Walking through thousands of lines of code is error prone, therefore I try to get the best support from the compiler for this task.
My result class has - among other member methods - a constructor that constructs the result from a code and an assignment operator for the code:
class Result
{
public:
typedef unsigned long ResultCode;
explicit Result(ResultCode code); // (1)
Result& operator=(ResultCode code); // (2)
};
Remark: I would usually use an enum class for ResultCode which would solve my problems, but this is not an option. This is because the major design objective was to use Result in different libraries, each of which shall define its own set of result codes without requiring one big header file that defines all possible result codes for all libraries. In fact, each class shall be able to define local result codes so that the list of possible result codes can be obtained from the classes header. Thus the codes cannot be enumerated in Result, they must be defined by the classes using the Result class.

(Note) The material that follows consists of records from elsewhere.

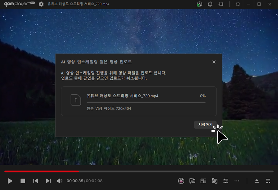 업로드가 완료되면, AI 영상 업스케일링 팝업이 나타납니다.
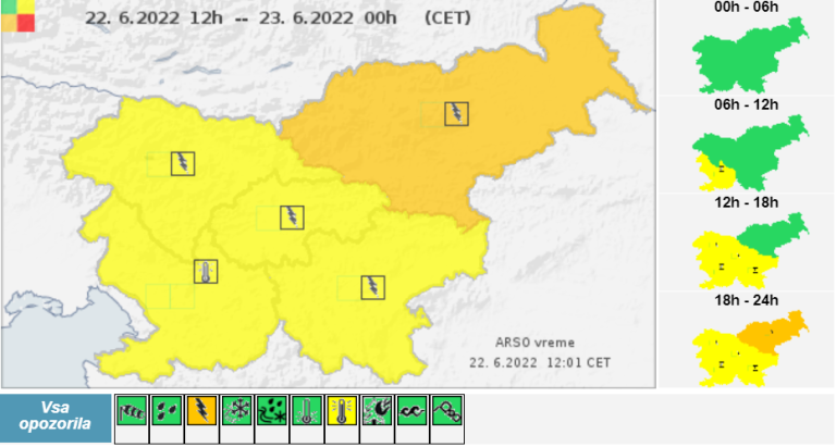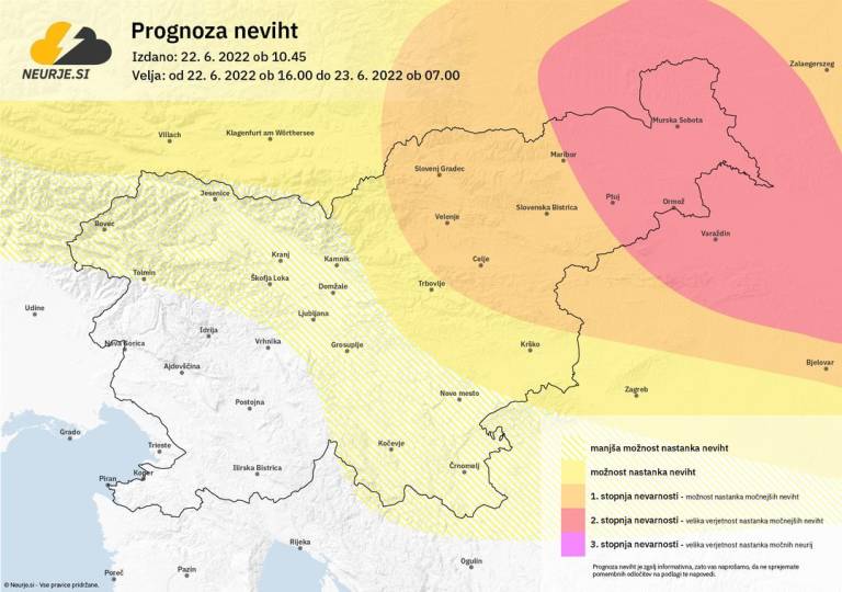 Agencija Republike Slovenije za okolje je za severovzhod Slovenije izdala oranžno opozorilo za veliko možnost neviht.
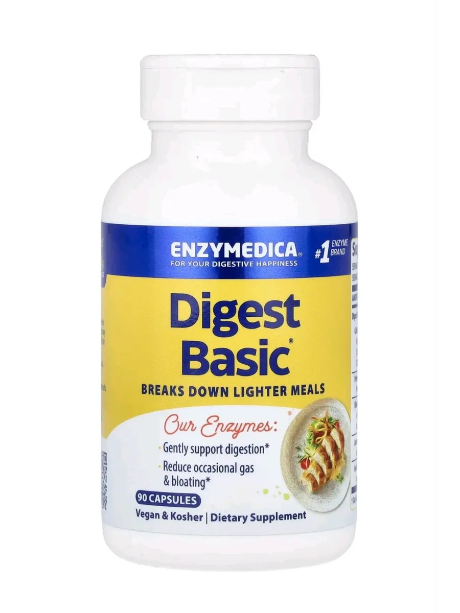 Digest Basic is a gentle digestive supplement that breaks down carbohydrates, fats, fiber, and proteins.
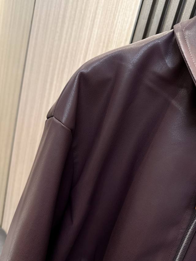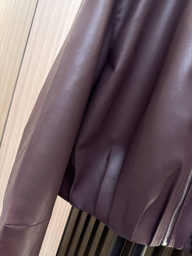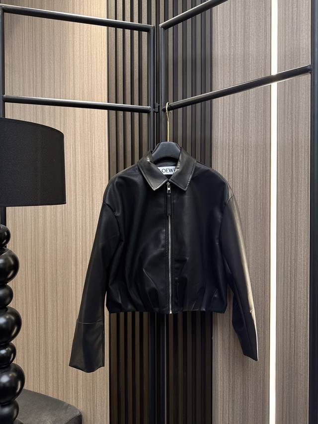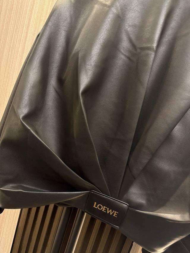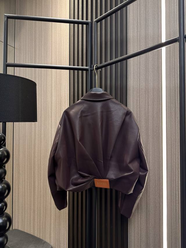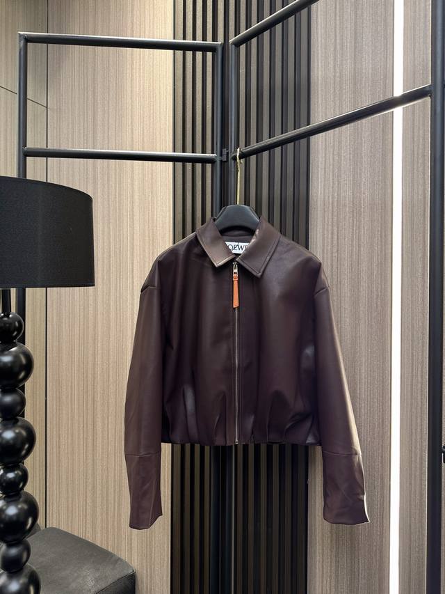 Loewe 2025 Fall/Winter new style interpretation! Selected Pu leather material zipper jacket, unique and exquisite hem pleat design with neat lapel, interprets the modern charm of urban women. Two colors Sml
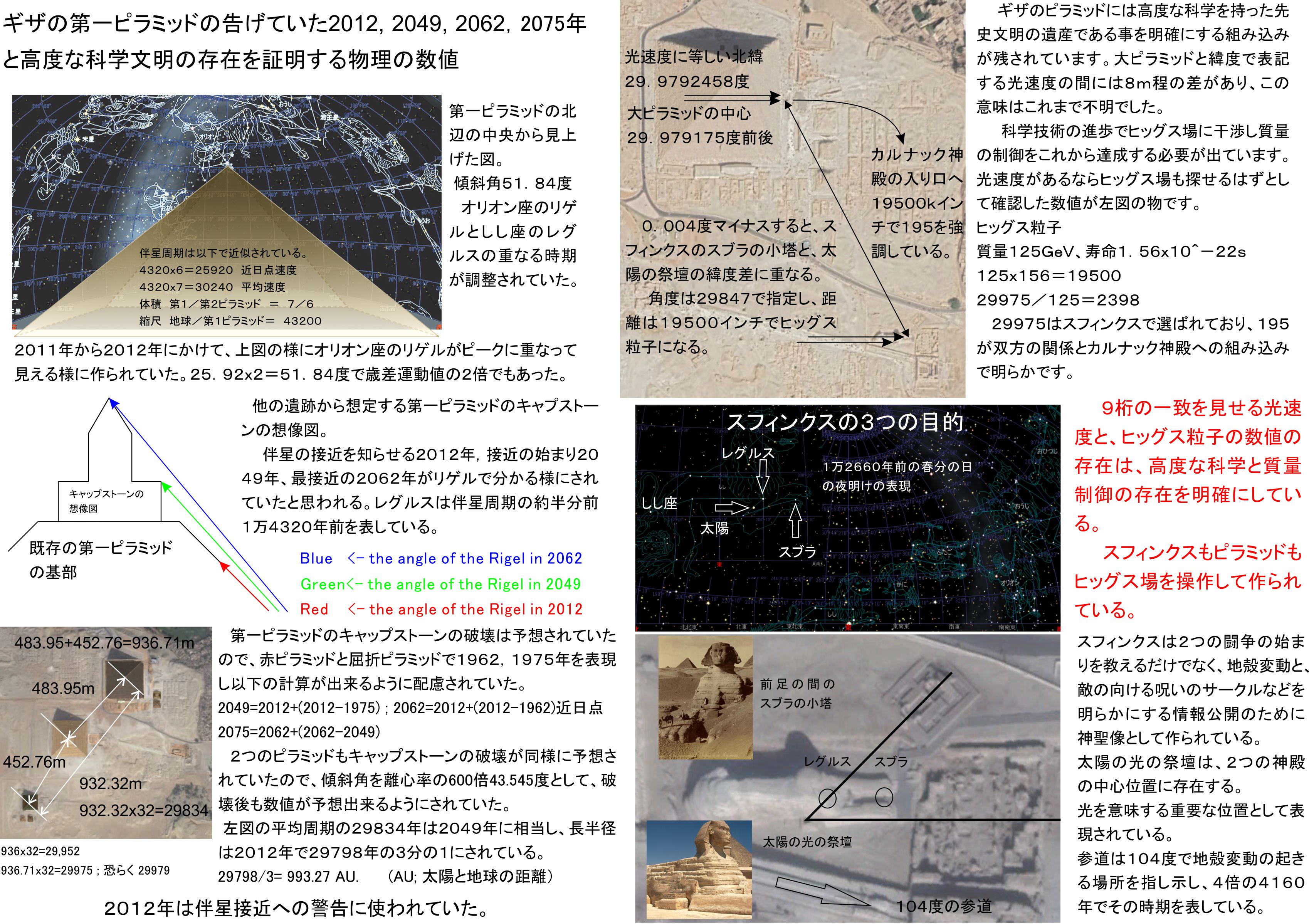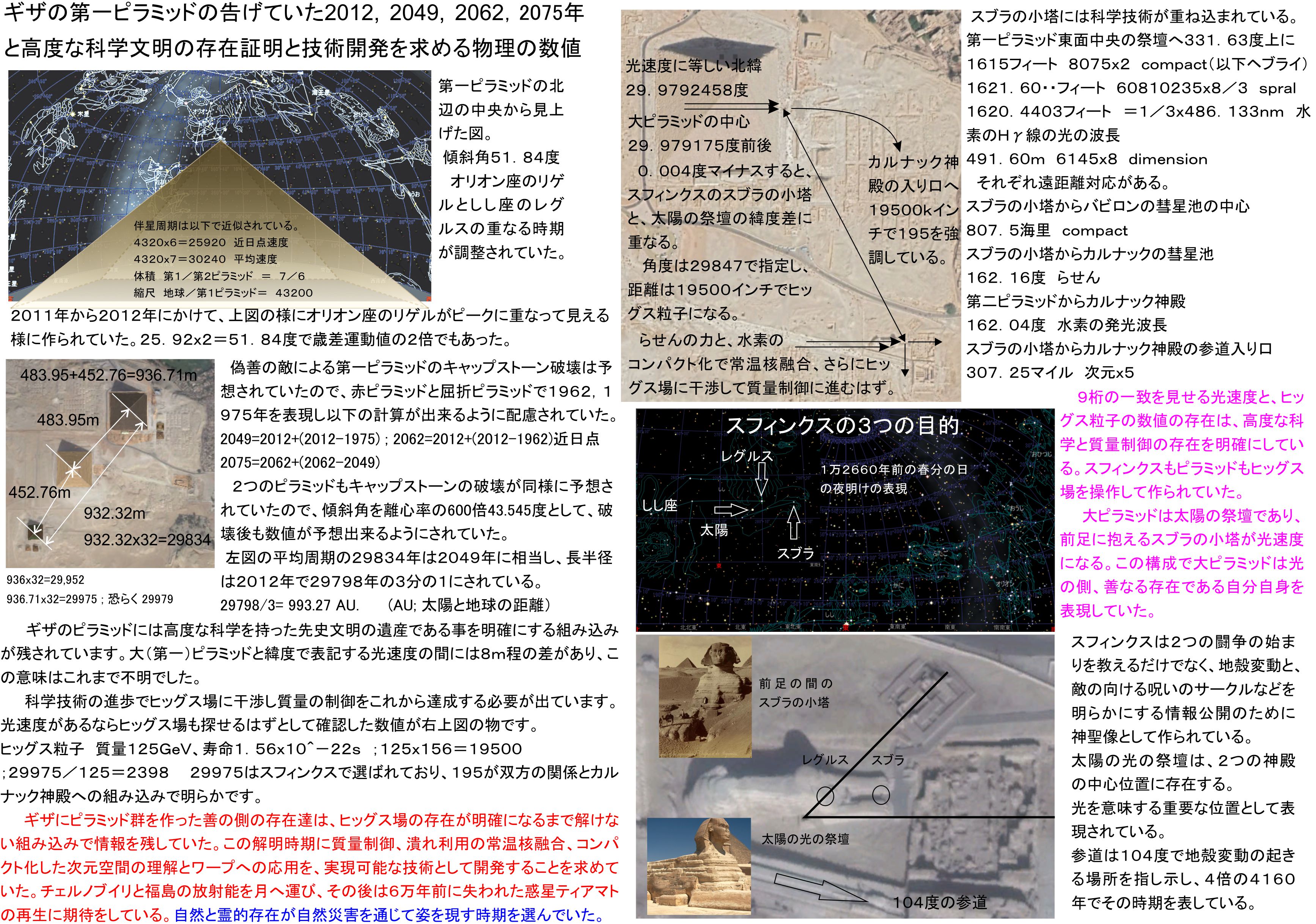 残す記事で、量子論の記事は非常に重要になっており、3回に分けるほどになると思われます。昨日の記事で説明したように光速度の9桁とヒッグス粒子の合計6桁をギザの大ピラミッドとスフィンクス、カルナック神殿に組み込んでいる部分が明確になるところです。エジプト学を始めとし、先史文明が存在すると困る人々には打撃になるでしょう。
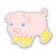 Ilustração vetorial de um adorável leitão correndo em botas de borracha amarelas.

To avoid implicit conversions on
return true;
Statements in the client code, the constructor has been declared explicit. But in nesting method calls, another problem occurs. Say, I have a method
bool doSomething()
{
return true;
}
Which I am using in a function that returns a Result object. I want to forward result codes of nested calls
Result doSomethingElse
{
Result result = doSomething();
return result;
}
With the current implementation of Result's assignment operator, this is not going to give me a compiler error - the boolean return value of doSomething() is implicitly converted to unsigned long.
As I have read in the C++ documentation, only constructors and conversion operators may be declared explicit.
My questions
Why is explicit not allowed for assignment operators or other methods? IMO it would make a lot of sense to allow any method to be explicit as well.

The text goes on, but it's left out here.